По воспитанию Ульяна была типичной русской женщиной своего времени верной женой, любящей матерью своих детей. Все свое время она посвящала семье, домашним делам, молитвам и благотворительности в пользу сирых, убогих, нищих, обиженных. Дочь благочестивых бояр, она и сама была благочестива. На её беду, она обладала редкой красотой и обаянием. Влюбчивые мужчины тонули в её жгучих черных глазах, теряли голову. Но те из них, кто пытался добиться её взаимности, получали отпор. И ладно бы, когда в числе влюбленных были люди боярского круга. А когда — сам старший смоленский князь Юрий Святославич? Не так-то просто отклонить его притязания таким образом, чтобы не задеть его самолюбия и не повредить дружбе её мужа и князя.

По натуре страстный, Юрий Святославич чуял огонь в этой женщине с жгучими глазами и благородно сложенным чувственным ртом. Юрий Святославич в минуты сладострастных мечтаний воображал, как, наверное, гибка и сладка Ульяна на брачном ложе. Она с лихвой возместила бы ему то, что он недополучал от супруги, сдержанной и пресноватой. Дополнительной приманкой в Ульяне была её недоступность, её целомудрие — Юрий Святославич любил преодолевать неодолимые преграды.

В то же время для него не пропали даром внушение тестя и покаяние, на которое он был подвигнут. Искренне желая быть верным супругом, Юрий Святославич старался преодолеть влечение к Ульяне, считал его уже и преодоленным, и от встречи с Ульяной ждал теперь лишь одного — увидеть её постаревшей и подурневшей, чтобы уж напрочь вытрясти из своих грез её образ, некогда заполнявший его воображение.

Но когда Ульяна в нужный час вошла в трапезную палату, сопровождаемая слугами, — те держали на руках подносы с крепким медом в чашах, — учтиво поклонилась гостям и поднесла первую чашу Юрию Святославичу, он, увы, убедился: женская красота с годами не убывает. И если прежде Ульяна была неотразима лишь внешним обликом, то теперь она стала ещё привлекательней внутренним обаянием — её глаза лучились добротой и приветом, поневоле притягая к себе взгляды всех гостей.
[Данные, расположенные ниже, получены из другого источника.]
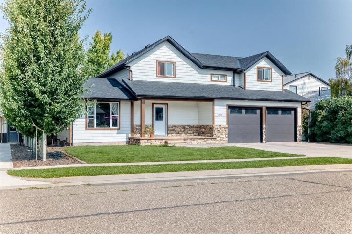 This Nobleford home was beautifully renovated just a few years ago, creating a modern, comfortable, and spacious retreat for families of any size. Featuring 6 bedrooms, 2.5 bathrooms, a double heated attached garage, and detached 23’x28’ shop. This property offers incredible versatility and convenience—all set on a massive .25-acre double lot in a quiet neighborhood in Nobleford. Step inside to discover an inviting open-concept main floor with recessed lighting, large windows, and a bright living and dining area perfect for hosting or relaxing. The upgraded kitchen boasts new appliances, cabinetry with tons of cupboard space, and a central island that makes meal prep a breeze. This home also features a spacious mudroom tucked neatly off the garage, offering excellent storage and functionality, right next to a private home office—ideal for today’s busy lifestyles. Recent upgrades include a newer furnace, roof, water tank, carpet, trims, kitchen, and more, providing both style and peace of mind. Upstairs, three bedrooms surround a central landing with storage and a full bath, while the primary suite offers a walk-in closet and private ensuite. The fully finished lower level includes two additional bedrooms, a full bath, and a large storage area. Outside, the detached shop will be a delight for anyone needing extra storage or maybe a collector needing additional storage or workspace. The property’s massive backyard is complete with a huge deck for entertaining, garden space, firepit, play area, and drip irrigation for trees and shrubs. With plenty of parking, a school nearby, and ample space both inside and out, this Nobleford gem combines small-town charm with modern upgrades and family-friendly living.
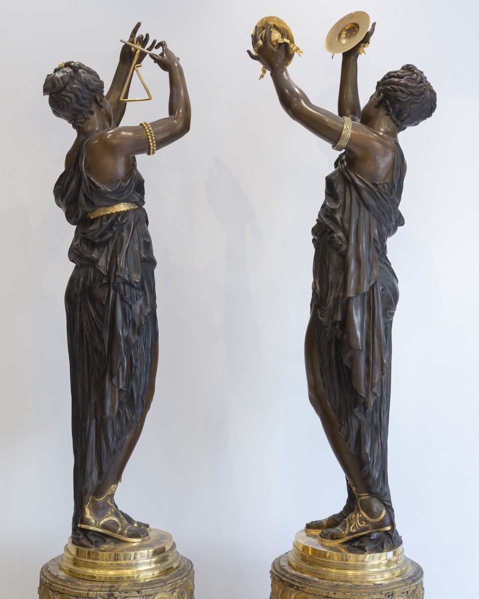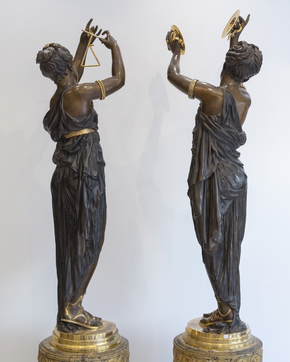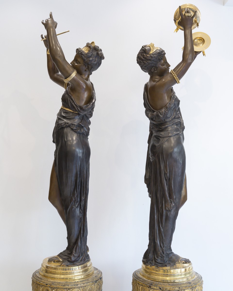 Retrouver le mobilier ou les objets d''art similaires à « Étienne Henri Dumaige (1830–1888) Monumentale paire de sculptures "Les Musiciennes" » présenté par Acropole Antiquités, antiquaire à Saint-Ouen dans la catégorie Sculpture en Bronze Napoléon III, Sculpture.
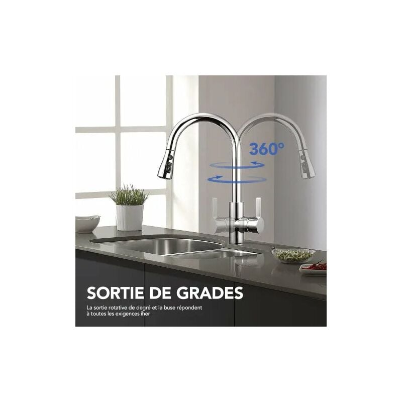 Cela rend le nettoyage plus facile et plus rapide et favorise la propreté de votre cuisine. Description du produit : Fabriqué en acier inoxydable de haute qualité, ce robinet est durable et résistant à la corrosion, avec une surface lisse qui est facile à nettoyer. Equipé d'une cartouche en céramique pour assurer une bonne étanchéité et aucune fuite, c'est une bonne aide en cuisineinstallation facile : suivez les étapes d'installation du manuel d'instructions pour installer et utiliser ce mélangeur de cuisine pratique en quelques minutes Questions fréquentes (Q&A) Q1 : l'installation de ce robinet est-elle difficile ? A1 : non, l'installation est simple. Q2 : à quelle distance la pomme de douche peut-elle s'étendre ? A2 : le pommeau de douche peut être étendu jusqu'à 45 cm, ce qui vous aide à nettoyer les gros articles ou à couvrir l'ensemble de l'évier. Cartouche en céramique fiable et économe en eau : testée sur plus de 800 000 cycles, la cartouche de qualité supérieure empêche les fuites et garde votre cuisine propre et bien rangée. Le robinet est conçu pour être facile à utiliser et est livré avec tous les outils nécessaires, ce qui vous permet de l'installer facilement en environ 20 minutes. Robinet D'Évier De Cuisine, Robinet Extractible Pour Eau Chaude Et La surface lisse et brillante est facile à nettoyer et ne laisse pas de taches d'eau. La conception améliorée de la poignée assure la stabilité lors de l'utilisation et offre une sécurité même en cas d'utilisation quotidienne et intensive. La boule de gravité, sécurisée avec un bouchon à vis, garantit que la tête de douche est tirée doucement et en toute sécurité. Robinet Cuisine Robinet De Cuisine En Acier Inoxydable, Robinet De Douche Extractible Mitigeur De Cuisine A Levier Unique 75809988 Robinet Evier Extensible et flexible : le robinet de cuisine avec douchette extensible permet une extension jusqu'à 45 cm et une rotation à 360 °, ce qui permet d'atteindre... Construction durable en acier inoxydable : ce robinet de cuisine est fabriqué en acier inoxydable de haute qualité, incassable et résistant à la corrosion, avec une durée de vie jusqu'à cinq fois plus longue que les robinets standard. Q4 : Comment changer les types de jet d'eau ? A4 : vous pouvez facilement basculer le type de jet d'eau en appuyant sur le bouton sur le pommeau de douche pour basculer entre le mode pulvérisation et jet en fonction de vos besoins de nettoyage.
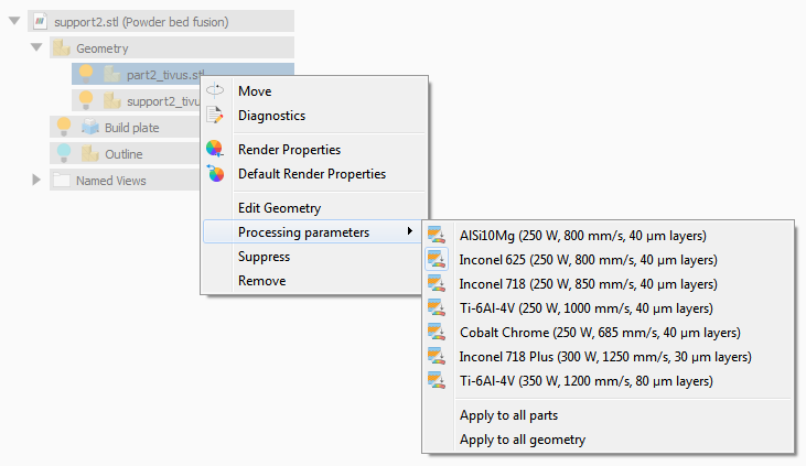 Per geometry option provides the freedom to assign PRM files separately to each part and each support in the build by right-clicking the geometry in the Browser.
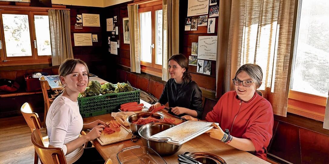 Projektwoche auf der Pfälzerhütte: Schülerinnen des Liechtensteinischen Gymnasiums schmeissen die Beiz.
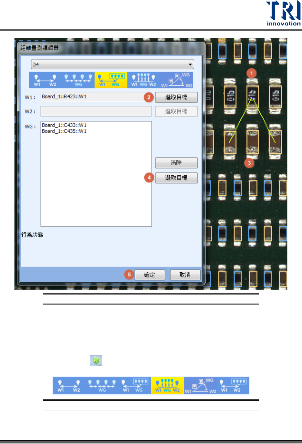 Test Research, Inc. TR7500Q E User Gu ide – S o f twar e 316 − 使用方式 圖 499 :距 離量測 – 多個 元件設定步驟 步驟 1. 在全圖模式上選擇多個 元件 。 ( 使用 Ctrl 鍵進行多選 ) 步驟 2. 點選 [ 距離編輯器 ] 中 WG 欄位的 [ 選取目標 ] ,此時所選取的元件會被 套到欄位裡。 步驟 3. 選擇 [ 確定 ] 即完成設定。 步驟 4. 按下…

Умом понимая, что он делает не то, как принято в гостях, Юрий Святославич, приняв чашу, свободной рукой взял её белые, в драгих перстнях, нежные пальцы и произнес вдохновенную здравицу в честь хозяев. Все понимали, чем вызвана пылкость речи князя, и с затаенным дыханием смотрели то на смутившуюся Ульяну, то на Вяземского, который натужно улыбался: он ревновал, но, как хозяин дома, уважавший гостей, вынужден был скрывать свое истинное состояние. Выпив чашу, Юрий Святославич сделал было движение, чтобы обнять Ульяну, но та, высвободив пальцы, ловко увернулась, учтиво поклонилась и величавой поступью удалилась. Гости, а вместе с ними и Вяземский, перевели дух.

Вскоре в Смоленск с детьми и двором приехала из Рославля княгиня Анастасия Олеговна, торжественно встреченная мужем и горожанами. В сознании народа Юрий Святославич и Анастасия Олеговна были достойной парой. Юрий проявил себя боевым и мужественным князем; княгиня Анастасия полюбилась народу своим благочестием. К тому же, всегда занятая воспитанием детей и домашними делами, она в отсутствие супруга взяла в свои руки бразды правления Рославльским уделом и повела дело уверенно и толково. Она умела ловко помирить перессорившихся бояр, войти в доверие к богатым купцам и получить у них в долг деньги, встать на защиту крестьян, притесняемых боярами.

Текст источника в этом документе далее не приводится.